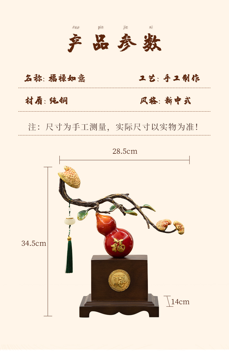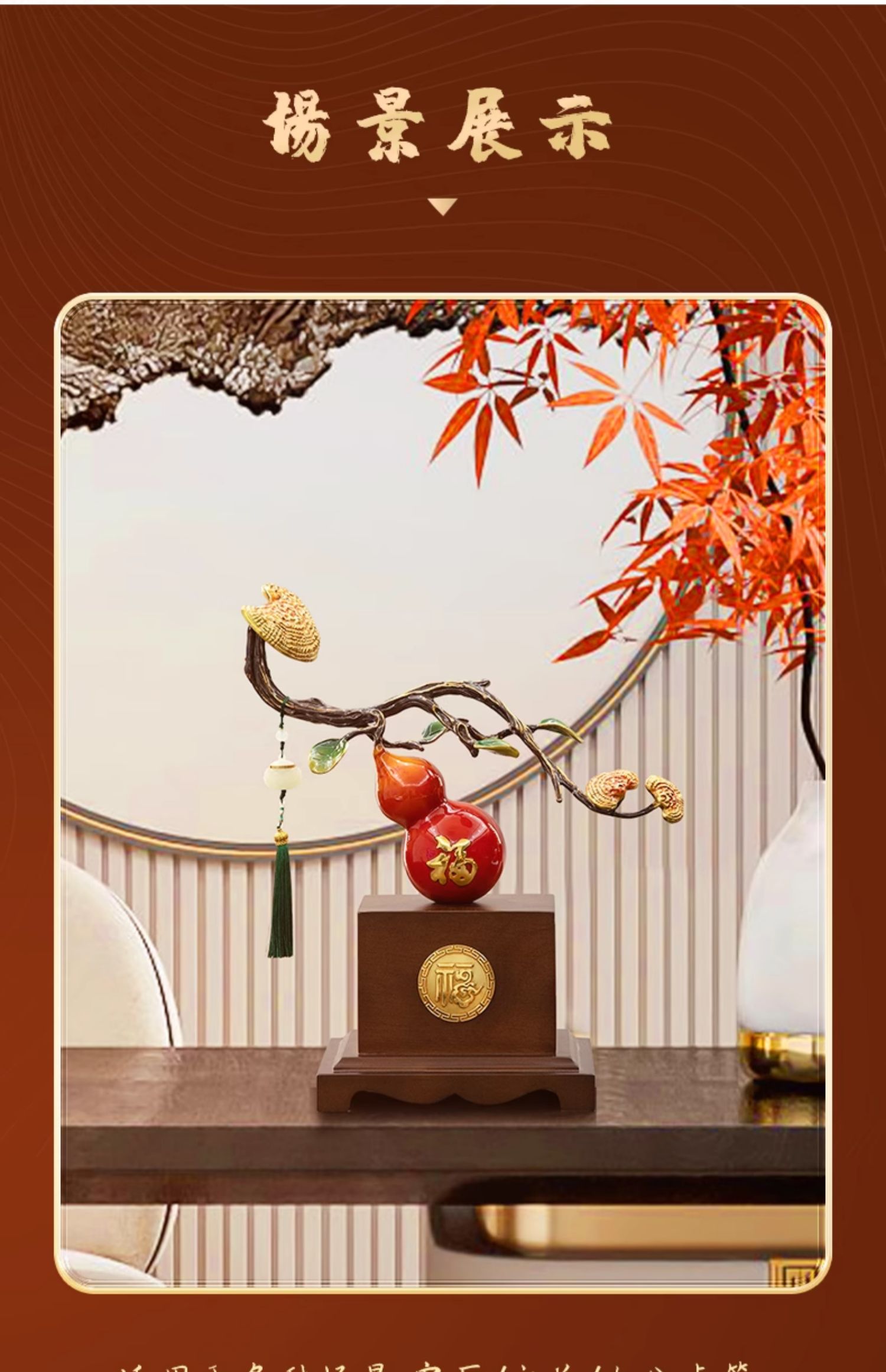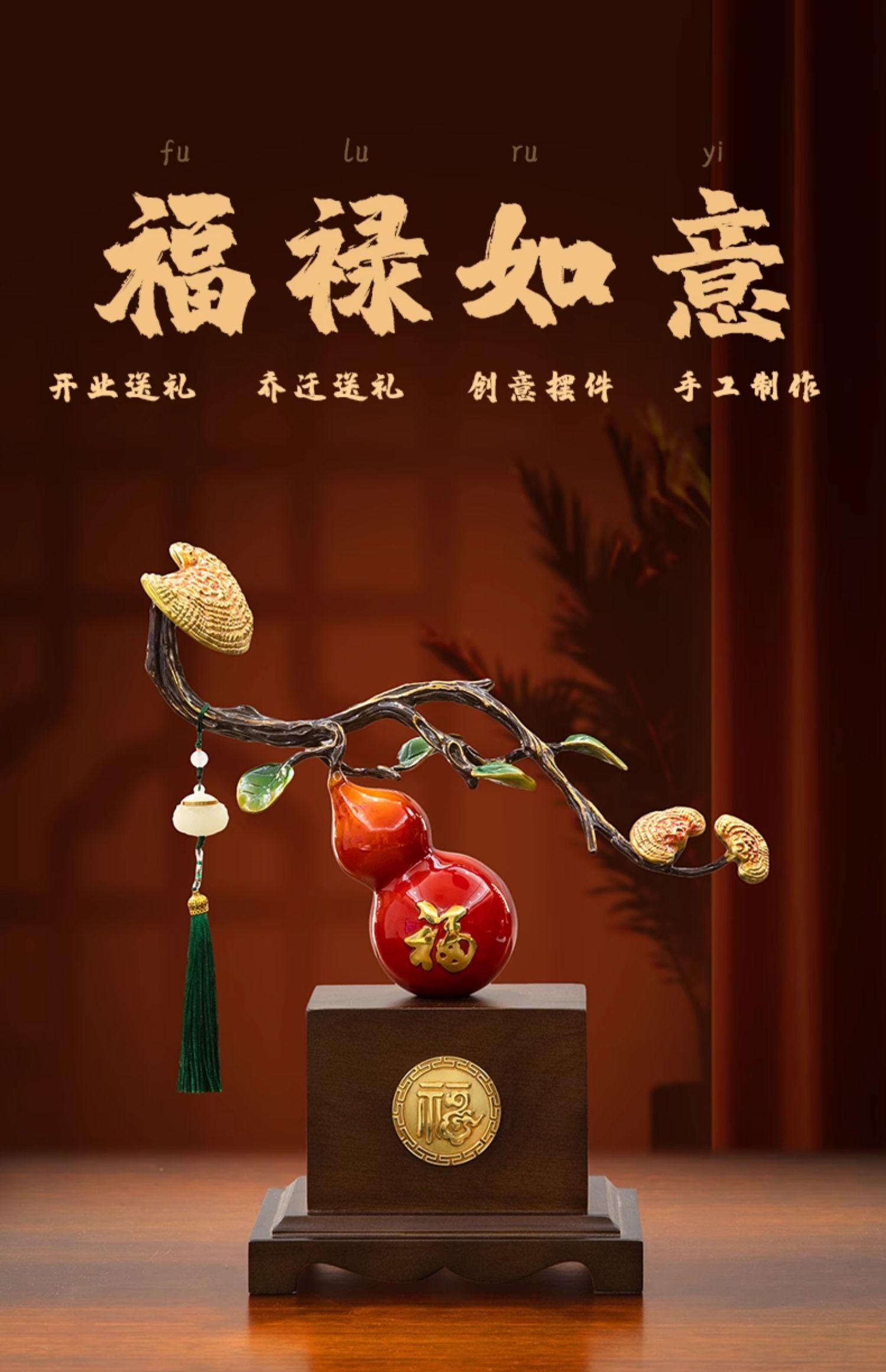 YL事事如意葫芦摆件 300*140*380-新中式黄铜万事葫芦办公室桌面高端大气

...

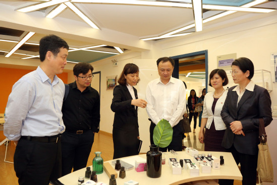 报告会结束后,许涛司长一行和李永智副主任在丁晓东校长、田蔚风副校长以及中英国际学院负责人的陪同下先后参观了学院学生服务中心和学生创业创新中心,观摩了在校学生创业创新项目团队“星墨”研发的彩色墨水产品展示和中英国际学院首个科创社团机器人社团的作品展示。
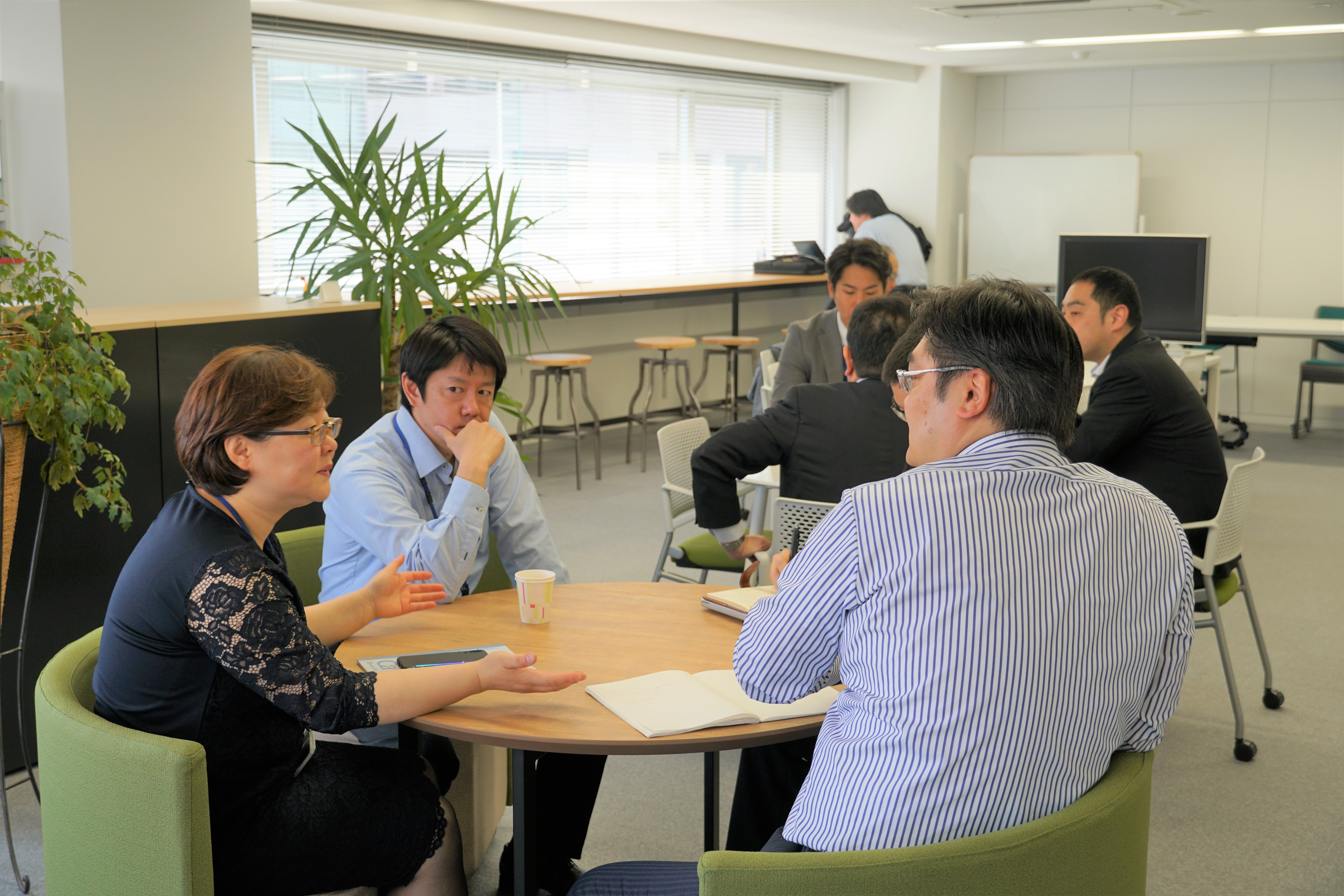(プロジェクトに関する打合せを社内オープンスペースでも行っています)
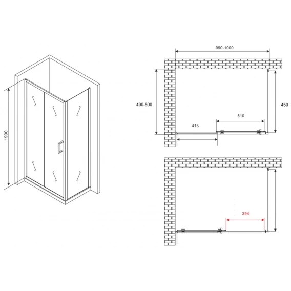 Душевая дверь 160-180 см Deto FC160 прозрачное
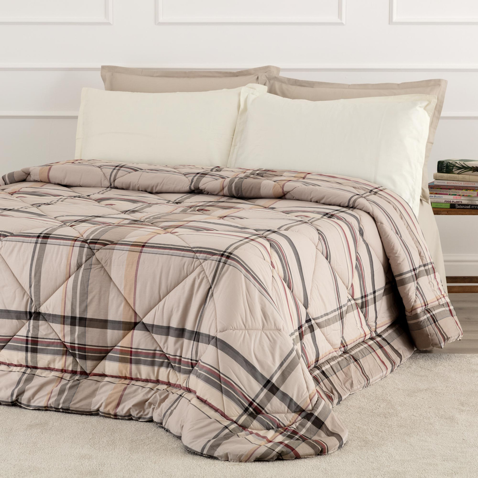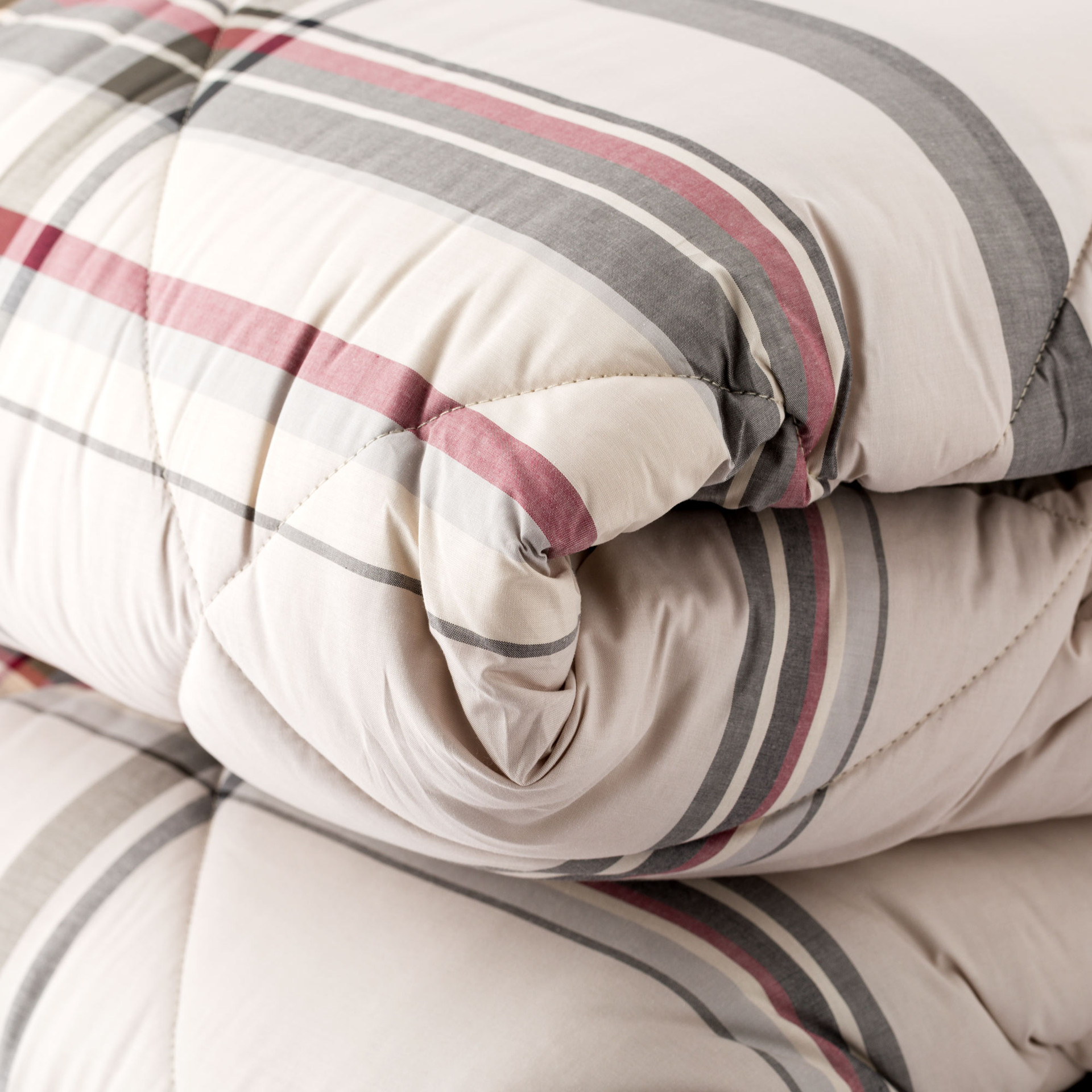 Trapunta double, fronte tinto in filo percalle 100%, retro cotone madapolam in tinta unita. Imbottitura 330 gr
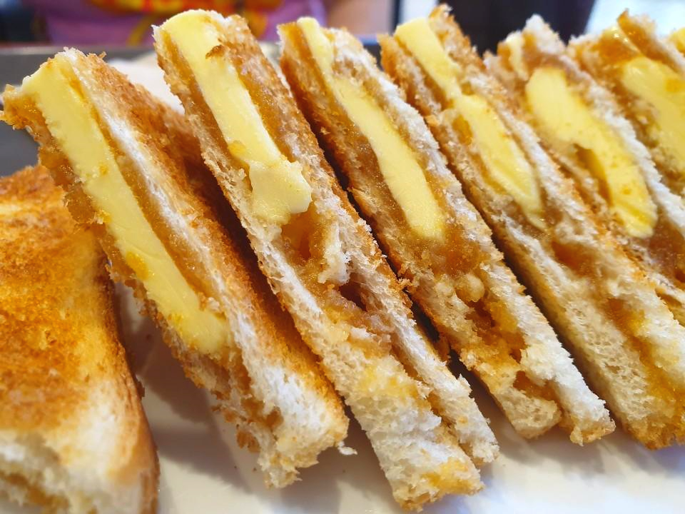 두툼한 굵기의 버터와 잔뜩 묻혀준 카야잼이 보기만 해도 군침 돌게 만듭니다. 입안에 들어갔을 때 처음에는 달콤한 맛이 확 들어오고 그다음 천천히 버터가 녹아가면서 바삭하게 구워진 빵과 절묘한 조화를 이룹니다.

= Task description =
Look above for the line with "Trapunta double, fronte" and the line with "두툼한 굵기의 버터와"; set down those two lines and all lines between them exactly, without pictures and without anything else.

= Answer to the exercise =
 Trapunta double, fronte tinto in filo percalle 100%, retro cotone madapolam in tinta unita. Imbottitura 330 gr
 두툼한 굵기의 버터와 잔뜩 묻혀준 카야잼이 보기만 해도 군침 돌게 만듭니다. 입안에 들어갔을 때 처음에는 달콤한 맛이 확 들어오고 그다음 천천히 버터가 녹아가면서 바삭하게 구워진 빵과 절묘한 조화를 이룹니다.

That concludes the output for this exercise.